3.1 Beschreibung der Kohorte

222 Kinder und Jugendliche wurden insgesamt in die Kohorte eingeschlossen.

Mit 45,0% männlichen (n = 100/222) und 55,0% weiblichen (n = 122/222) Patienten lag eine leichte Dominanz des weiblichen Geschlechts vor. Das Alter der Patienten im Jahr 2017 lag zwischen 5 und 18 Jahren, mit einem Durchschnittsalter von 12,5 Jahren (Median 13 Jahre; SD 3,4; Abbildung 1). Die Patienten stellten sich im Jahr 2017 durchschnittlich etwa 3 Mal (n = 222; Median 2; Min. 1; Max. 22; SD 2,3) vor.

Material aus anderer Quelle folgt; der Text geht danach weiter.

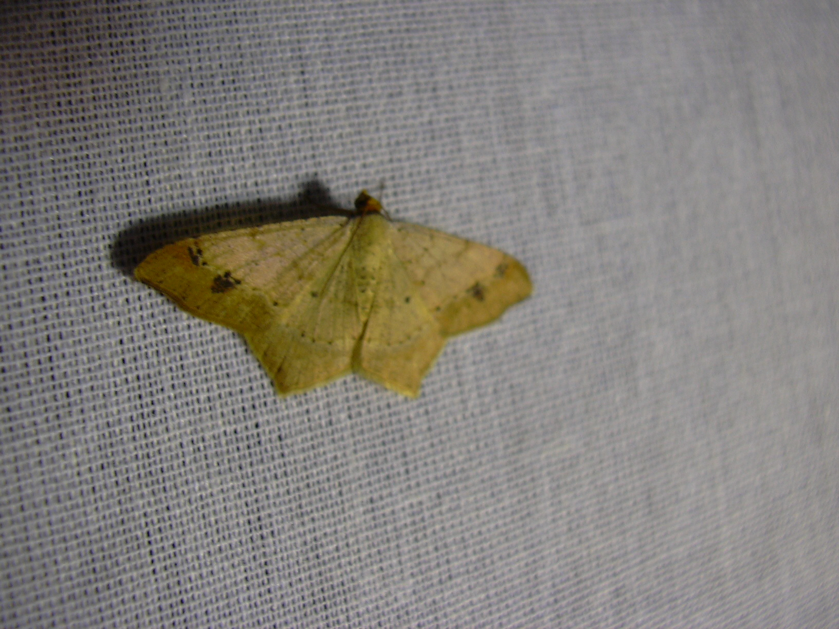 Leucaena leucocephala (Macaria abydata). Location: Maui, Kahului (←that's what the bot says but I wouldn't trust it. the first species name is a tree)

Die meisten Patienten waren auch im Jahr 2016 bereits wegen Kopfschmerzen am SPZ in Behandlung gewesen, der Mittelwert lag bei zwei Vorstellungen im Vorjahr (n = 204;

Median 1; Min. 0; Max. 14; SD 2,7).

Abbildung 1: Alter der Patienten zum Zeitpunkt der Studie in Jahren (n = 222):

Darstellung der absoluten Häufigkeiten; Min. 5; Max. 18; Mittelwert 12,5; Median 13;

Standardabweichung 3,4.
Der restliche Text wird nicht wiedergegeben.